Mohon tunggu...
Radix WP Ver 2
Radix WP Ver 2 Mohon Tunggu... -

Saya seorang liberal-sekuler. Akun terdahulu: http://www.kompasiana.com/radixwp

Selanjutnya

Tutup

Politik Pilihan

Pancasila, Bukan Piagam Jakarta

1 Juni 2016   01:58 Diperbarui: 2 Juni 2016   11:15 1600
+
Laporkan Konten
Laporkan Akun
Kompasiana adalah platform blog. Konten ini menjadi tanggung jawab bloger dan tidak mewakili pandangan redaksi Kompas.
Lihat foto
Bagikan ide kreativitasmu dalam bentuk konten di Kompasiana | Sumber gambar: Freepik

Bangsa Indonesia amat sangat plural. Ada orang Islam, Kristen Protestan, Kristen Katholik, Hindu, Buddha, Konghucu, dan berbagai agama lain yang berasal dari luar negeri. Ada pula agama Parmalim, Kaharingan, Sunda Wiwitan, dan berbagai agama lain yang asli Nusantara. Bahkan di kalangan internal agama pun, umat Islam misalnya, terbagi lagi dalam golongan agamis dan golongan abangan.

Semua orang mestinya tahu kebhinnekaan Indonesia. Tapi, tak semua pihak mau menerima kenyataan tersebut. Yang paling menonjol adalah sebagian—sekali lagi sebagian—golongan Islam agamis yang berambisi mendominasi. Mereka bukan hanya ingin menekan kaum abangan agar berubah jadi agamis. Mereka juga ingin Islam diistimewakan di atas semua keyakinan lain.
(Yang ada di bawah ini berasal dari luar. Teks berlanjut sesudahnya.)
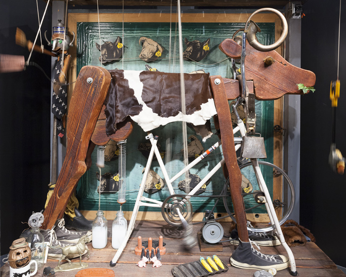 “Best of ‘Springs, Sprockets & Pulleys'” marks the return to Brattleboro of artist Steve Gerberich’s zany interactive sculptures. BMAC exhibited “Gerb’s Gadgetry” in 2011, and, according to Director Danny Lichtenfeld it was one of the museum’s most popular exhibits in recent memory. For his latest installation, Gerberich has cleverly assembled a hodge-podge of everyday materials (kitchen utensils, furniture scraps, and discarded toys) into elaborate clanking, whirring, buzzing sculptures, which will be installed throughout the museum’s Wolf Kahn & Emily Mason Gallery. Gerberich will lead a guided tour of the exhibit on Sunday, June 17 at 2PM. (image: Cash Cow by Steve Gerberich)

Ambisi dominasi ini muncul juga dalam rangkaian persidangan dalam merumuskan konsep negara Indonesia. Ketika itu, sebagian golongan Islam agamis bersikeras agar Indonesia jadi negara agama. Mereka memaksakan sila dasar negara bahwa semua orang Islam harus menjalankan syariat, serta pasal konstitusi bahwa agama negara adalah agama Islam, dan hanya orang Islam yang boleh jadi presiden.

Bahkan, dalam salinan dokumen otentik Badan Oentoek Menyelidik Oesaha2 Persiapan Kemerdekaan, terungkap bahwa Ki Bagus Hadikusumo sempat ngotot agar kata-kata “dengan kewajiban menjalankan syariat Islam” tidak disertai dengan kata-kata “bagi pemeluk-pemeluknya”. Itu berarti, warga beragama apapun hendak diwajibkan tunduk kepada syariat Islam.

Sungguh memprihatinkan bahwa di tengah kesempatan langka dalam masa penjajahan tersebut, ambisi kepentingan sempit golongan ternyata masih juga dikedepankan.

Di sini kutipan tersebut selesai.